While sector rotations are not new, the speed, volatility, and correlation of this repricing were notable. AI-driven predictive systems now reprice volatility surfaces in real time, while liquidity-provision algorithms dynamically reallocate capital across equities, derivatives, and ETFs. Once volatility thresholds are breached, liquidity is often withdrawn conditionally rather than reactively, leading to sharp execution asymmetry as spreads widen and depth disappears.

Research shows AI and machine learning improve market efficiency under normal conditions by accelerating price discovery, narrowing spreads, and reducing transaction costs. Under stress, however, synchronised algorithmic behaviour and feedback loops can amplify short-term volatility – underscoring the need for stronger governance, a theme discussed in depth at this week’s FIX AI Working Group webinar (see the end of the newsletter).

2. Moltbook and coordination risk in agent-based systems

Last week’s focus on Moltbook – the social network where agents appeared to debate consciousness and coordinate behaviour – shifted this week. Reports suggest some of the most visible activity was human-prompted rather than driven by genuine agent-to-agent interaction:
https://www.moltbook.com/
https://x.com/HumanHarlan/status/2017424289633603850

Growing interest in Moltbook is not agent sentience, but what it reveals about coordination effects when many agents operate within a shared environment. This is directly applicable to secondary-market trading, where firms operate across fragmented venues, asset classes, and regulatory regimes. When AI is deployed as tightly coupled, model-centric point solutions connected directly to execution, experimentation feeds straight into markets. This increases operational risk, correlated behaviour, duplicated security logic, fragmented audit trails, and high coordination costs when models or prompts change – failure modes commonly seen in real-world AI deployments. In contrast, the argument is that a gateway-based architecture provides an alternative by routing AI activity through a shared control layer, enabling consistent observability, unified risk and capital controls, and the ability to scale only once behaviour is understood. Read more here – https://lnkd.in/gMjRezyn

3. Liquidity risk is shifting into funding and leverage

Alongside the AI-driven equity sell-off, the Financial Stability Board published a report highlighting that the $16tn government-bond-backed repo market is now dominated by funding, leverage, and collateral dynamics rather than execution venues:
https://www.fsb.org/2026/02/fsb-warns-of-financial-stability-challenges-in-repo-markets/

The FSB points to structural vulnerabilities including high leverage in non-centrally cleared segments, extensive collateral reuse, concentration among key intermediaries, and pro-cyclical margining. When repo funding tightens via higher haircuts, margin calls, or lender withdrawal – leveraged participants can be forced into rapid asset sales, transmitting stress directly into secondary-market prices and impairing dealer intermediation. Episodes such as the 2019 US repo spike and the 2022 UK gilt crisis show how quickly funding shocks can overwhelm even highly liquid markets. As electronic liquidity providers and AI-driven risk systems become more dominant, these effects are amplified. Liquidity now evaporates non-linearly across markets, making resilience a balance-sheet and funding problem – not just an order-book or technology issue.

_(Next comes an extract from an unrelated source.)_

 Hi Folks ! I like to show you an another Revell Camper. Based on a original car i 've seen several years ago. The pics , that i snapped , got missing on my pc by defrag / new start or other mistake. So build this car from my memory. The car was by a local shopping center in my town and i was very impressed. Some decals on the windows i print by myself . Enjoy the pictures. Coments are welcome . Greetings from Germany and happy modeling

4. Implications for trading technology

Recent developments around Claude also highlight a broader shift: AI is collapsing the cost, time, and skill barriers to building bespoke trading tools. The historic platforms are increasingly being challenged by personalised, modular stacks that replicate only what is needed, weakening vendor lock-in and compressing incumbent margins. Trading systems are evolving from static information displays into adaptive workflows that learn a trader’s style through trade logs and feedback loops, improving discipline and decision quality. By scaling pattern recognition and market scanning across thousands of assets, future use of AI in trading is more likely to support AI-augmented discretion than fully autonomous agents. As data access becomes commoditised, competitive advantage shifts to interpretation and synthesis – the trader’s edge:
https://www.linkedin.com/posts/haroldberens_the-digital-gutenberg-moment-activity-7425544430163689472-b978

5. First FIX AI Working Group webinar

This week also saw the first FIX AI Working Group webinar, organised by FIX APAC, with @GaryAng (ex MAS), @PetrosKyliakoudis (Baillie Gifford), @NickIdelson (TraderServe / FIX Algo Working Group), and @PJDiGiammarino (Reg Risk Solutions).

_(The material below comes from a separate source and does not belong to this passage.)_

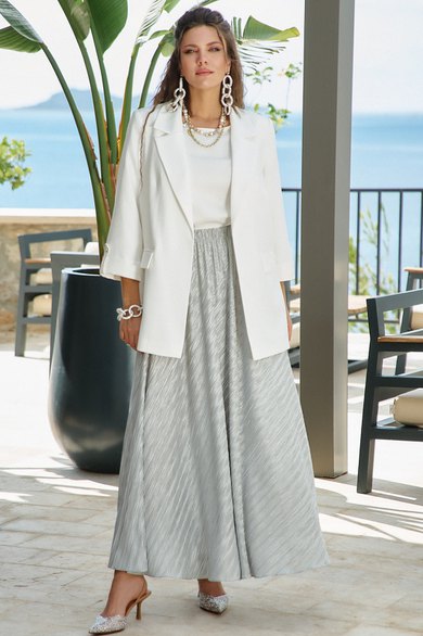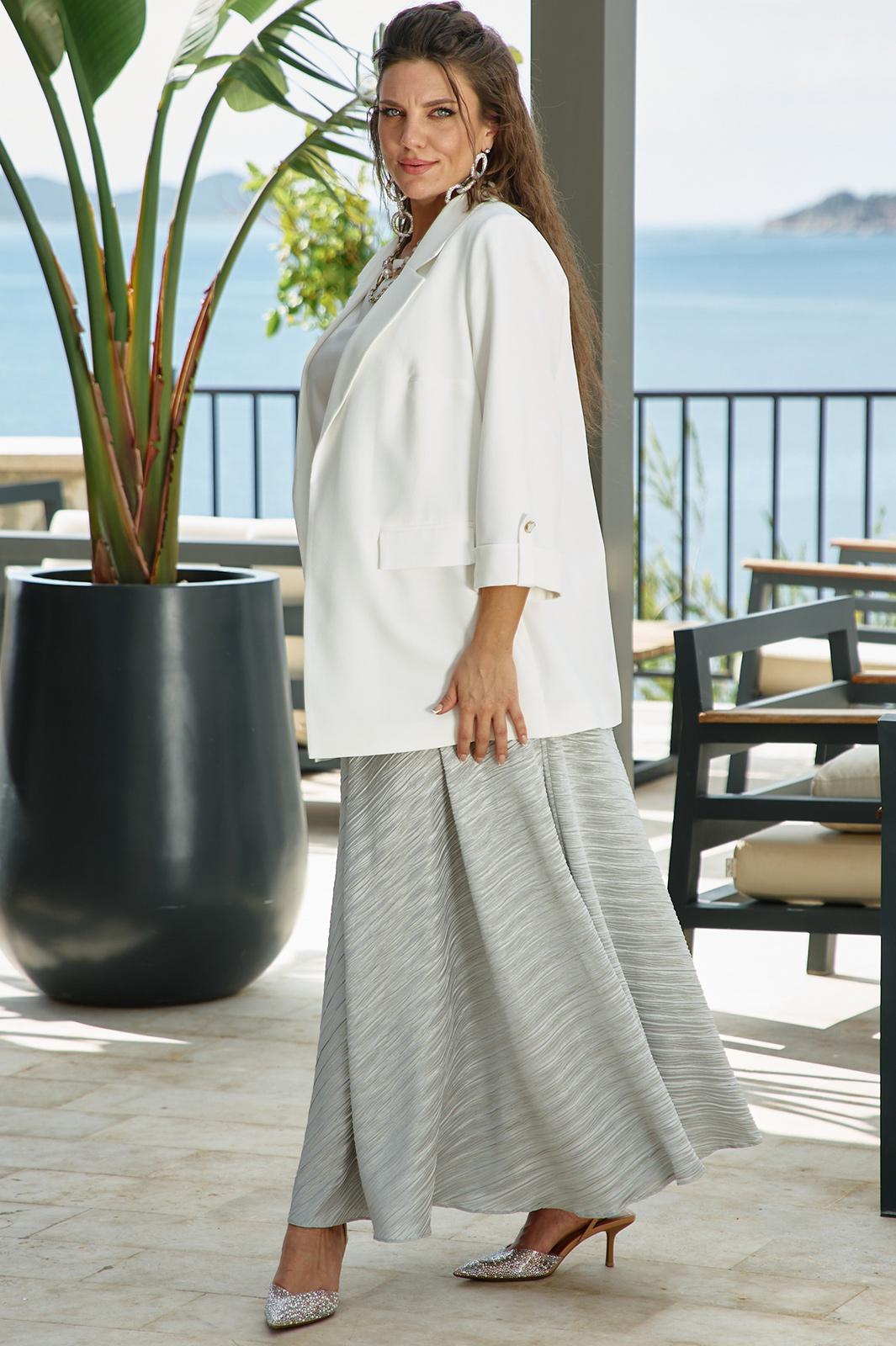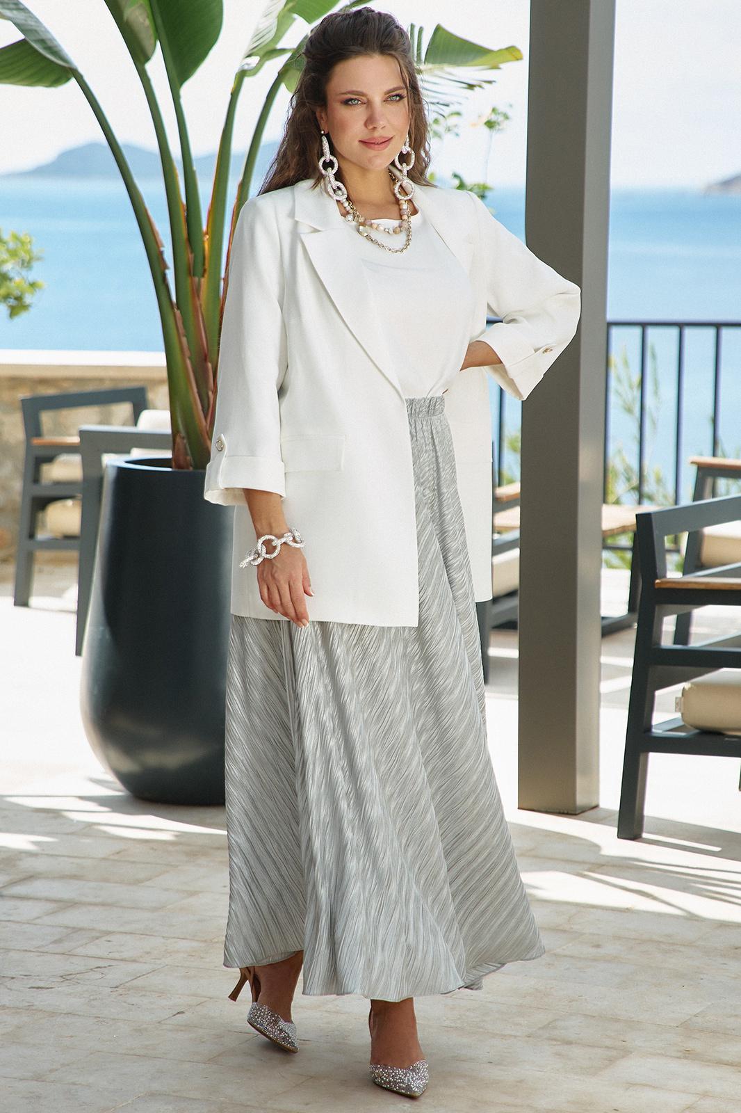 Крой юбки уравновешивает визуально бёдра и создаёт плавный силуэт. Длина юбки 96 см.

The discussion focused on how AI – particularly agentic systems – is moving from experimentation into live trading workflows. While fully autonomous execution remains limited, the growing use of AI for recommendations, strategy selection, workflow orchestration, and decision support increasingly raises critical questions around control, accountability, and market integrity.

The panel emphasised that rather than new risks – AI amplifies existing ones: non-determinism, feedback loops, data quality issues, and third-party dependencies. Even traditional deterministic algorithms can destabilise markets due to latency and ecosystem interactions; AI increases these risks and heightens the importance of robust governance, testing, and standards.

From a regulatory perspective, AI needs to be treated as a material risk capability, not a standalone experiment. Supervisors are less focused on the specific model used and more on whether firms can demonstrate control, explain outcomes, and remain accountable. This includes maintaining a clear inventory of AI use cases, understanding levels of autonomy, and applying proportional controls as systems become more independent.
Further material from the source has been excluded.